Government Relations

UM Legislative Update Newsletter

April 14, 2006

House approves HB1865 on public higher education funding


The Missouri House of Representatives has passed HB1865, sponsored by Rep. Carl Bearden (R-St. Charles), which changes how the state funds public higher education institutions and enacts a new Access Missouri scholarship. The bill had several amendments added on the floor, and the final version passed by a 84-71 vote on Thursday, April 13, sending the bill to the upper chamber for consideration. In its perfected form, the bill includes language that encourages an increase in operating funds to the FY2002 level, the high-water mark for appropriations. At that point, the new funding mechanism kicks in and higher education institutions would not receive more than a 2.5 percent operating fund increase each year until the scholarship programs (Gallagher and Missouri College Guarantee) are funded at 75 percent (currently these programs are funded at about 25 percent). After a corresponding adjustment in operating funds at that point, the 2.5 percent cap would kick in again until the scholarships are funded at 100 percent. The funding formula then reverts to the way it is currently done. 

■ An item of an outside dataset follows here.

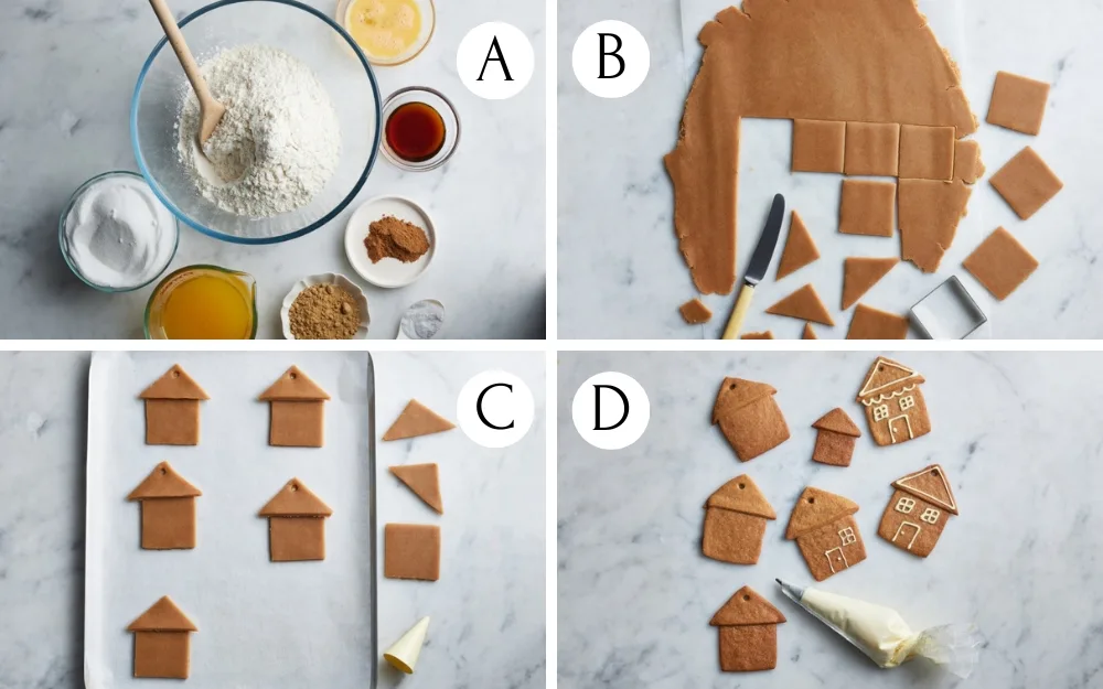 - Arrange squares on trays about 3cm apart. Place a triangle on top of each square slightly overlapping to form a house shape. Press gently over the join to seal (C). Using a skewer, make a small hole in the top of each house, not too close to the edge.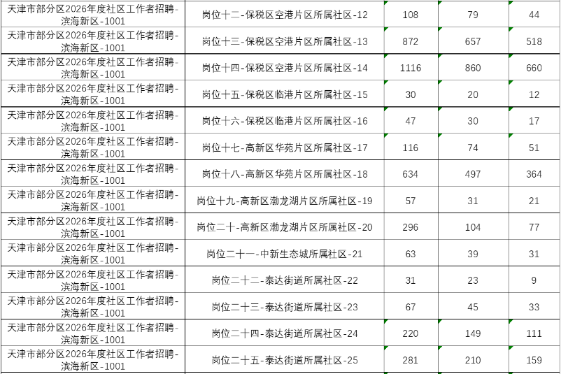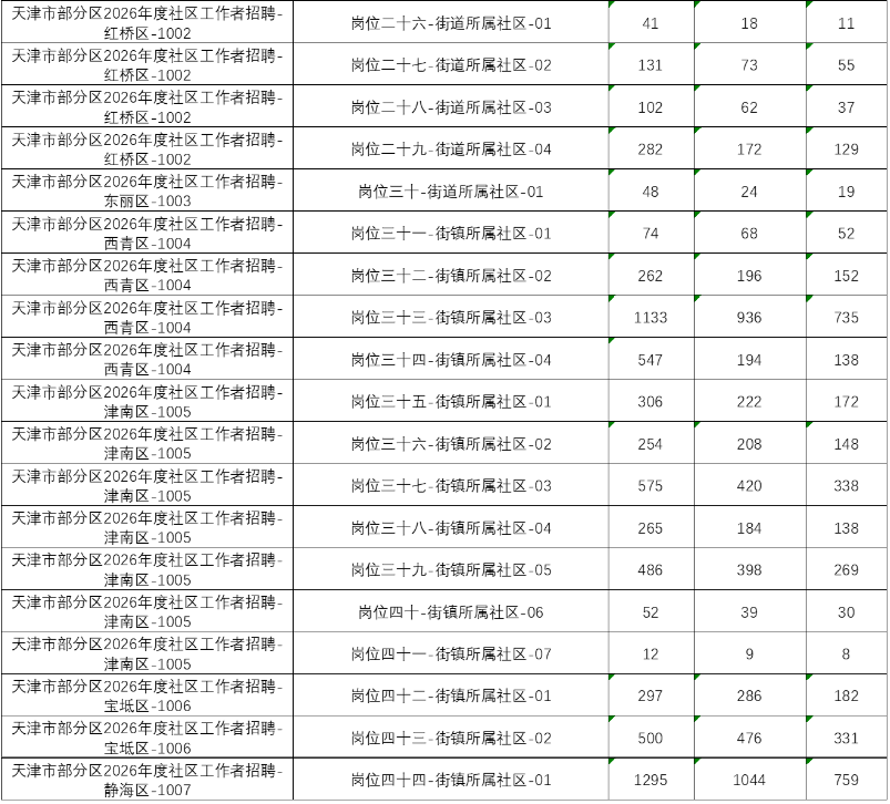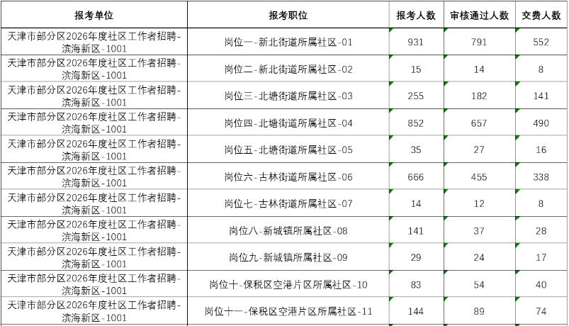 原标题:天津市部分区2026年度社区工作者招聘报考情况统计(统计时间:2026年1月22日上午10点)

The bill also calls for the establishment of “performance measures” for future funding increases and allows for fee-for-service contracts through the Department of Higher Education for high cost or remedial programs.

The bill establishes the Access Missouri scholarship at $1,000 for the freshman year only (an earlier version of the bill ramped it up over a four-year period, but it is now fully funded the first year). Students who do not receive the A+ scholarship would be eligible for this award and could take it to public two- or four-year institutions or private colleges.

House members adopted an amendment that caps the increase in tuition or fees for four-year public institutions at the CPI. The bill also creates a Joint Committee on Higher Education and makes a number of other adjustments in scholarship requirements to make them consistent.

The Senate will take up the measure in these final weeks of session, and additional changes are expected.